Урамбо | страница 25



?

Предел а в степени х — это он, Шеломин!

«Чему равняется?.. Чему равняется?..»

Внезапно в темноте слабо блеснула боль.

Шеломин повернулся, поднял плечом стальное небо.

Боль вспыхнула огромным желтым пламенем.

— Единице! — крикнул он и сдвинул влажные от ужаса веки.

Прямо в его лицо, сквозь мглу, смотрело желтое солнце.

Он лежал на прежнем месте. Длинные сухие травы покрылись инеем.

Шеломин понял.

И понял он гораздо больше, чем сумел бы выразить словами. Его сумеречный мозг вспыхнул в последний раз и, как проекционный фонарь, отбросил на темнеющий экран небосвода — марганец м-ра Грэди, Урамбо, директора гимназии, лейденскую банку, глупенькую лучезарную Надину головку и то, что он ее больше не увидит…

Шеломин вздрогнул, хотел подняться — упал, подавленный страданием.

Солнце мучило его глаза.

Тогда он отхаркнул кровь и, собрав последние силы, плюнул в это проклятое жизнедарящее солнце. Оно запенилось, зашипело и потухло навсегда.

Черная каска валялась рядом.

9. Божье слово

М-р Грэди телеграфировал синдикату:

«Марганец наш. Выезжаю».

Надя получила каску, аккуратно пробитую трехлинейной пулей, слегка попорченную кровью, но вполне продезинфицированную. Каска лежала на туалетном столике. Надя лежала на кровати в голубой пижаме, м-р Грэди — в полосатой.

Труп Шеломина лежал на полу, под рогожей, в избе, где помещался околоток.

Санитар подал розовый конвертик.

— Его благородию, — кивнул он. — С первой роты.

Врач, несколько полный блондин, с усталыми голубыми глазами, разорвал конвертик. Он хотел узнать адрес близких молодого офицера, сберечь для них труп.

Письмо было переписано набело, без единой помарки, ровным старательным почерком. Мелькали ровные фразы. Санитар докладывал:

— Гуси эта летели. И откудова взялись!..

«Прости… Долго не писала, потому что не было сил…»

— Ну, тут наши палить, немец палить, гусь-то и упал промежду окопов…

«Не считай меня своей… Я знаю, это для тебя большое горе, но иначе не могу…»

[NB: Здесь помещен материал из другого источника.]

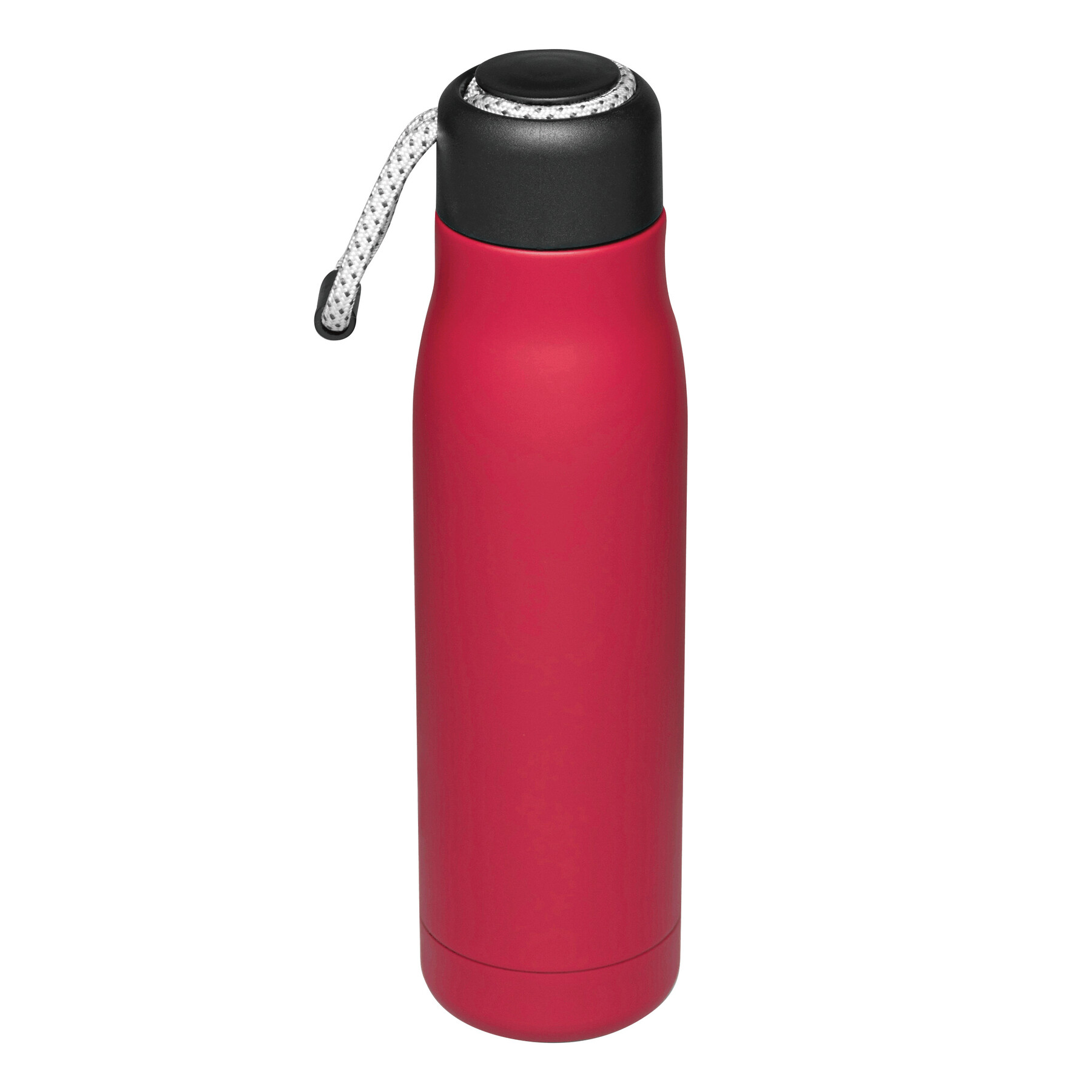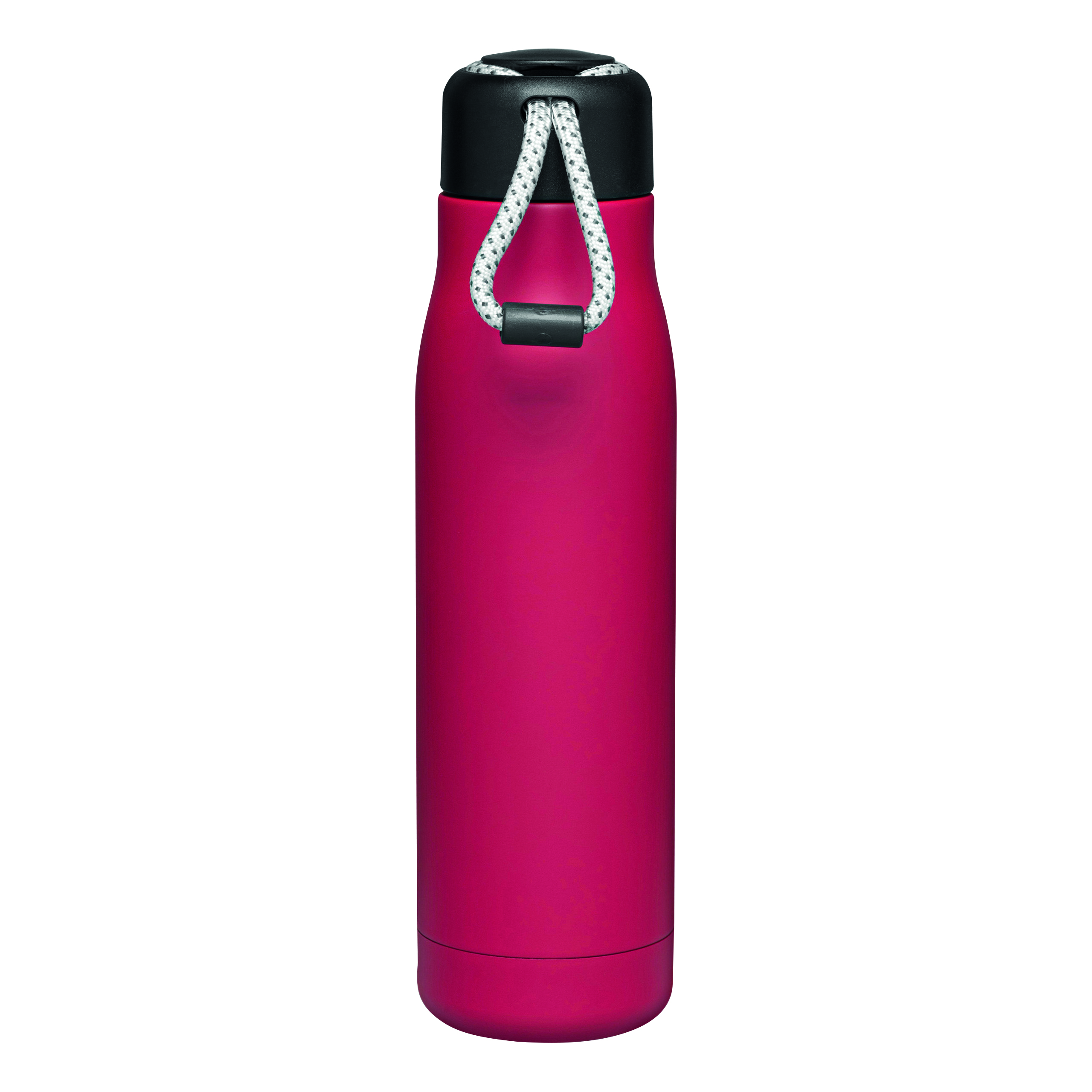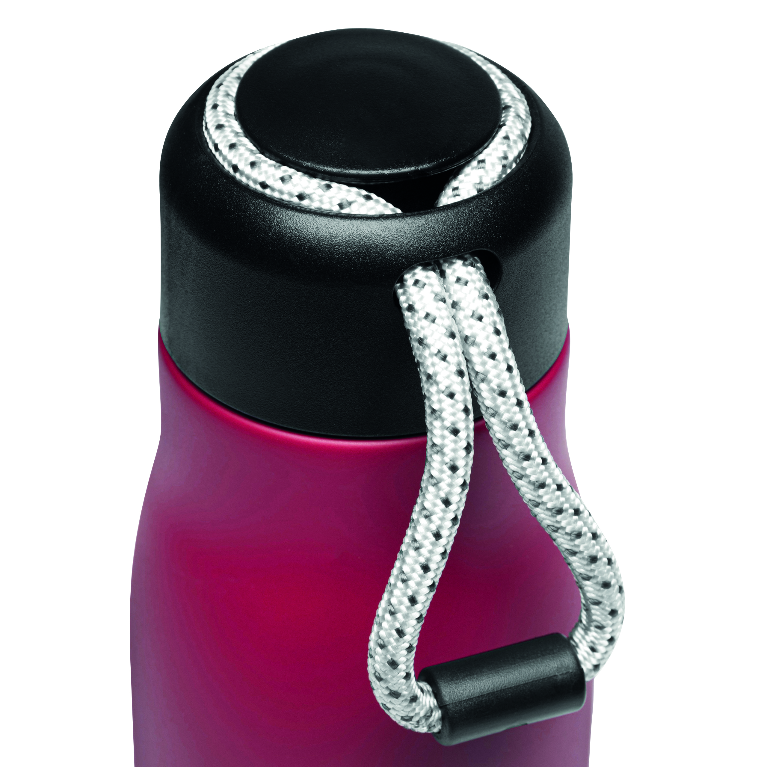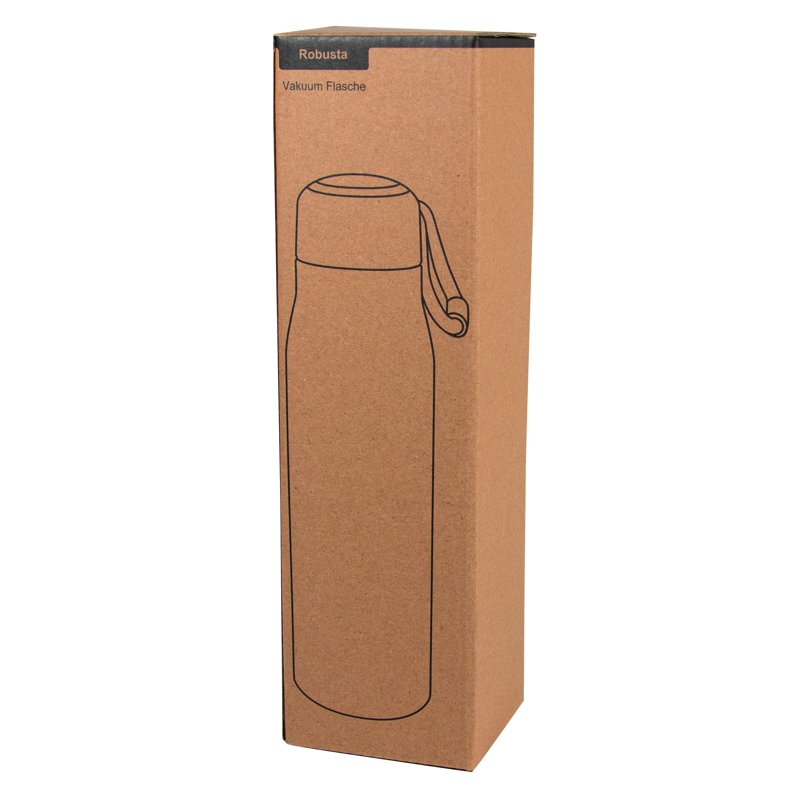 Próżniowa butelka do picia ROBUSTA, dwuścienna: wewnątrz i na zewnątrz wykonana ze stali nierdzewnej, szczelna czarna zakrętka z pętelką do przenoszenia, pojemność: ok. 500 ml, utrzymuje ciepło napoju przez ok. 8 godzin i zimno do 12 godzin.
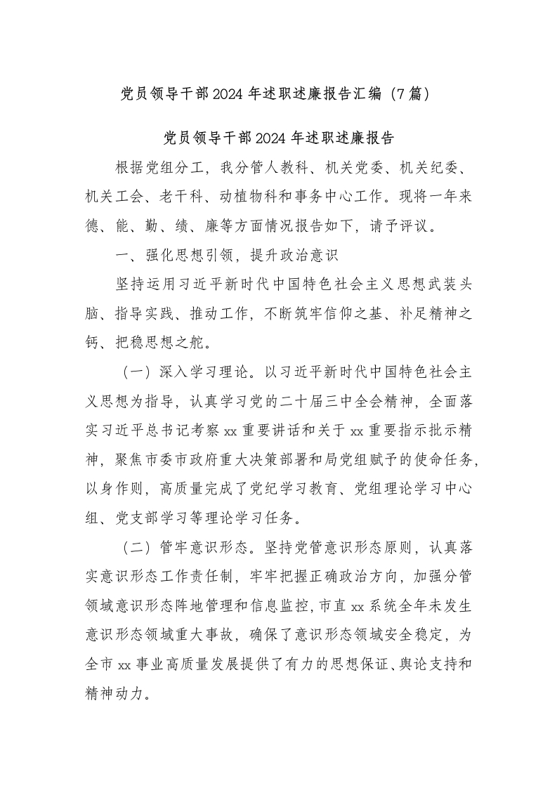 党员领导干部2024年述职述廉报告汇编(7篇)党员领导干部2024年述职述廉报告根据党组分工,我分管人教科、机关党委、机关纪委、机关工会、老干科、动植物科和事务中心工作。现将一年来德、能、勤、绩、廉等方面情况报告如下,请予评议。一、强化思想引领,提升政治意识坚持运用习近平新时代中国特色社会主义思想武装头脑、指导实践、推动工作,不断筑牢信仰之基、补足精神之钙、把稳思想之舵。(一)深入学习理论。以习近平新时代中国特色社会主义思想为指导,认真学习党的二十届三中全会精神,全面落实习近平总书记考察x双重要讲话和关于xx重要指示批示精神,聚焦市委市政府重大决策部署和局党组赋予的使命任务,以身作则,高质量完成了党纪学习教育、党组理论学习中心组、党支部学习等理论学习任务。(二)管牢意识形态。坚持党管意识形态原则,认真落实意识形态工作责任制,牢牢把握正确政治方向,加强分管领域意识形态阵地管理和信息监控,市直燃系统全年未发生意识形态领域重大事故,确保了意识形态领域安全稳定,为全市x事业高质量发展提供了有力的思想保证、舆论支持和精神动力。(三)主动担当作为。坚持做好巡察整改“后半篇文章”深化巡察整改和成果运用,抓住巡察整改契机,健全完善议事决策、公务接待、财务管理、保密等x项制度,顺利接受巡察整改督查评估,被评为“好”等次。针对需长期坚持的整改内容,“一对一”制定整改方案,倒排工期、挂图作战、压茬推进。二、围绕中心任务,忠诚履职尽责坚持围绕中心、服务大局,充分发挥党组织战斗堡垒作用和党员先锋模范作用,着力推动党建与业务互融共进、同向发力。(一)建强党建堡垒。严格执行三会一课、民主评议党员等组织生活制度,加强对党员的教育管理监督;顺利建成x、x、x三市x局“大美x”机关党建联盟;“林长制看x”党建品牌评为市直机关优秀党建品牌,专题宣传片在省市媒体平台展播,品牌影响力持续提升;加强党建带群建,局妇女联合会顺利成立,工会文体活动备受好评。(二)推进清廉建设。抓实党纪学习教育,邀请专家解读了新修订《中国共产党纪律处分条例》,我本人在局“七一”庆祝大会上作了“严守纪律规矩筑牢底线意识永葆廉洁本色”廉政党课报告。坚持以文化育廉、以活动促廉,确保清风常吹、正气常在,今年以来开展了“树清廉家风建廉洁家庭创清廉xx”党员践诺承诺、“厚植爱国情怀涵养清廉家风”主题党日、

— Ну, тут наши лезут и немцы лезут. Человек с десять, знать, подстрелили…

«Желаю тебе счастья… Твой друг…»

— Ну, все же, гуся наши зажарили!

Врач опустил руку, медленно смял бумагу, бросил в помойное ведро с кровавыми отбросами, распорядился:

— В братскую.


Через месяц, во второй раз, в газетах появилось имя Шеломина. На этот раз позади текста, петитом, цифрой в числе потерь.

Директор с гордостью сказал:

— Смертью храбрых!

Наталья Андреевна не сообразила. Наталья Андреевна ждет, пишет трепетные материнские письма, раскладывает пасьянс «Государственная дума», строгая, сосредоточенная, восковая, думает: «Если сойдется, значит, Толичка вернется». Пасьянс не сходится. Тогда быстро-быстро, озираясь, она достает нужную карту, радуется, что никто не заметил. На восковом лице выступает дуновение румянца.